Okay, bare with me. This post might be a little long. I've recently been learning a lot from Neil Gaiman and his Master Class. There's a section where he talks about making the flow of plot and how to get the reader to keep turning the page. These are the notes that I took of what he said. I didn't quote him on everything, but pretty much everything written here is what he said in his video word for word:
The “What’s Going To Happen” game is the game that you play as a writer, with your readers. This is what keeps them turning the pages. Things they don’t know, things they need to find out - things that they care about. And, coming into a story, it can simply be, “Who are these people? What are they doing? Why should I care?” After a little while, it can get a lot deeper:
“And then what happened?”
These are the most important words there are for a storyteller.
Anything you can do to keep people turning the pages, is legitimate.
The main thing you have to do is care. Because if you don’t care what happened, then nobody else will. You need to imbue that care into your writing.
Because then, any time you move from character to character, or the story hesitates, the question will come from the audience: “And then what happened?”
Create Conflict
Do not shy away from conflict. You have to allow the conflict to happen. That is so much of what a plot is.
What Do Your Characters Want?
You have a bunch of blocks when you’re building a story.
What does the voice sound like? What do your characters sound like? Who are they? What do they do? What do they want?
What do the characters want? When you’re building plot, this question is a VERY important one - the one that matters. It’s the only question that opens the door to what you will do next. Because it will dictate what you will do next with the story.
If you get stuck, you can ask yourself what your characters want. It’s like a flashlight: it shines a light on the road ahead.
If you can’t figure out what your plot is when you know your characters: “Just have two of your best characters and have them figure out what they want. And have them want things that are mutually exclusive. And then set them off on their quest.”
Doing this, where only one of them can get what they want - that will give you conflict, that will give you plot.
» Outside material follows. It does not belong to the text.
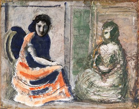 Composizione con due figure 1952 ca Tempera e matita su carta applicata su tela cm 41x52 In basso a destra firma "Sironi". Al verso reca timbri della Galleria Carini Milano e della Galleria d'Arte Leonardiana Alassio. Etichetta della Galleria d'Arte Leonardiana Opera archiviata dall’Associazione per il Patrocinio e la Promozione della Figura e dell’Opera di Mario Sironi, Milano. Certificazione di autenticità su fotografia rilasciata da Willy Macchiati, 1973

Asking a character, “What do you want? What do you need?”, and using it as a driver, is one stage below the mechanics of plotting. And it will save your butt over and over if you take that as an important thing. And remember: characters always, for good or for evil, get what they need. They do not get what they want.
What characters want, and what they need, will always be the driving forces of a story.
I suggest taking a look at his Master Class. It's super insightful into the mechanics of stories and what makes them tick, and it's really helped me make my writing a heck of a lot more meaningful.